1HNMR (DMSO-d6, 400 MHz) δ: 1.52 (m, 6H), 1.67 (m, 2H), 1.90 (m, 2H), 2.32 (m, 2H), 2.70-2.82 (m, 4H), 3.23 (m, 1H), 3.76 (m, 1H), 4.13 (s, 3H), 5.25 (m, 1H), 7.10 (dd, 1H), 7.49 (d, 1H), 7.90 (d, 1H), 7.93 (d, 1H), 8.11 (d, 1H), 8.25 (m, 1H), 8.35 (d, 1H).
LRMS: m/z (APCl+) 586 [MNa]+
Microanalysis found: C, 50.60; H, 5.11; N, 12.23. C24H29N5O5S3;0.1H2O requires C, 50.97; H, 5.20; N, 12.38%.

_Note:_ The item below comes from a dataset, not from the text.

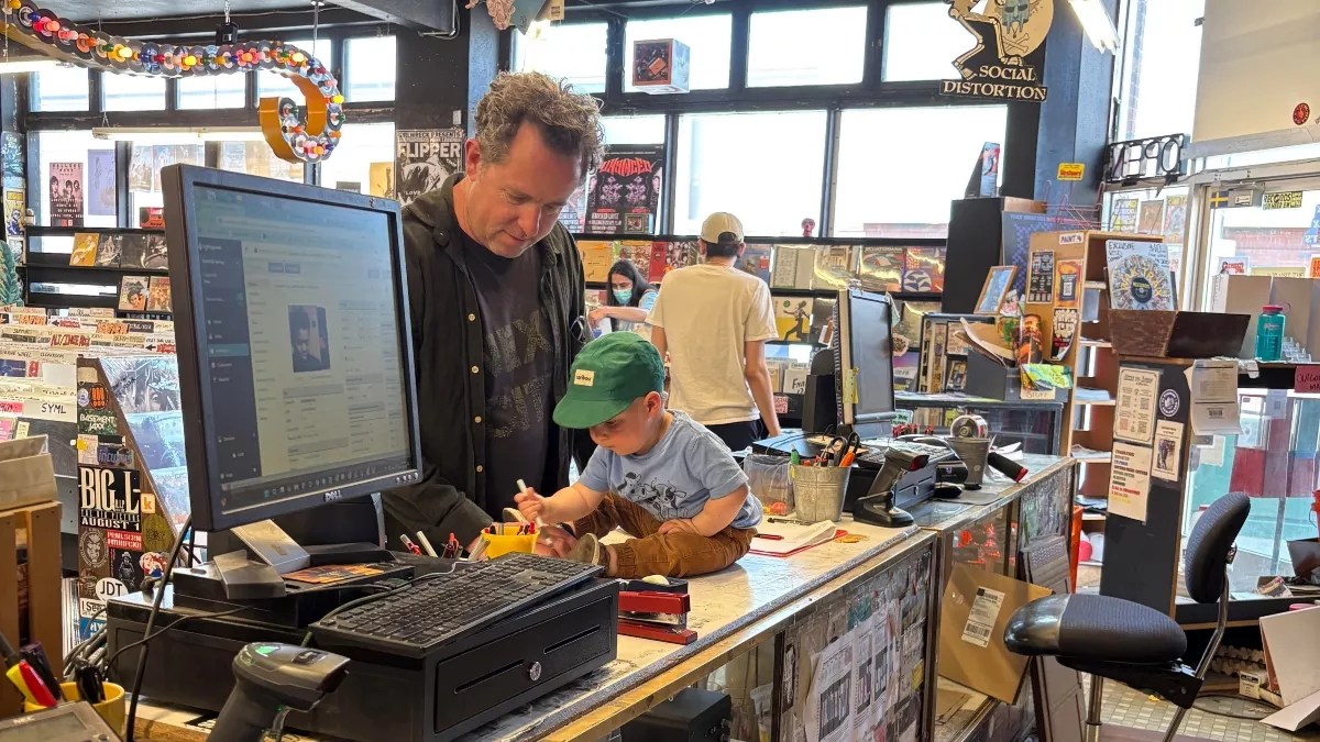 Pete Stidman and his son Odo Stone Stidman at Wax Trax’s 638 East 13th Avenue headquarters.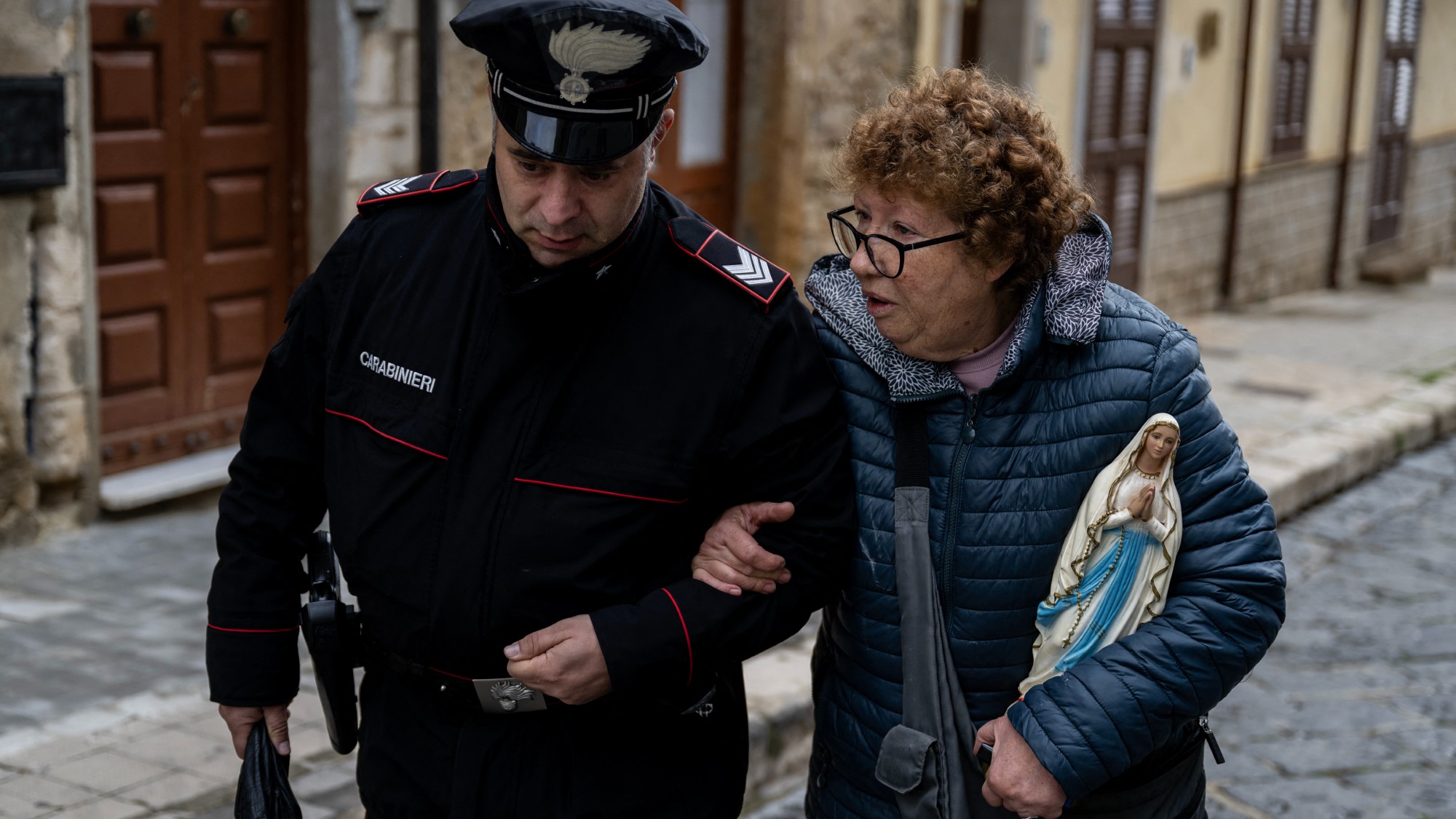 A Carabinieri officer escorts a woman as she collects belongings from her home in the “red zone” of the Sicilian town of Niscemi. Around 1,500 people have been forced to evacuate their homes in the hillside town, following a mammoth landslide triggered by severe weather.

Preparation 91 Syn-N-[4-(2-methoxy-5-methyl-benzenesulfonylamino)-cyclohexyl]-2-(tetrahydro-thiopyran-4-yloxy)-nicotinamide
The amine hydrochloride from preparation 18 (500 mg, 1.34 mmol) was dissolved in dichloromethane, the solution washed with 1N sodium hydroxide solution, then dried (MgSO4) and evaporated under reduced pressure.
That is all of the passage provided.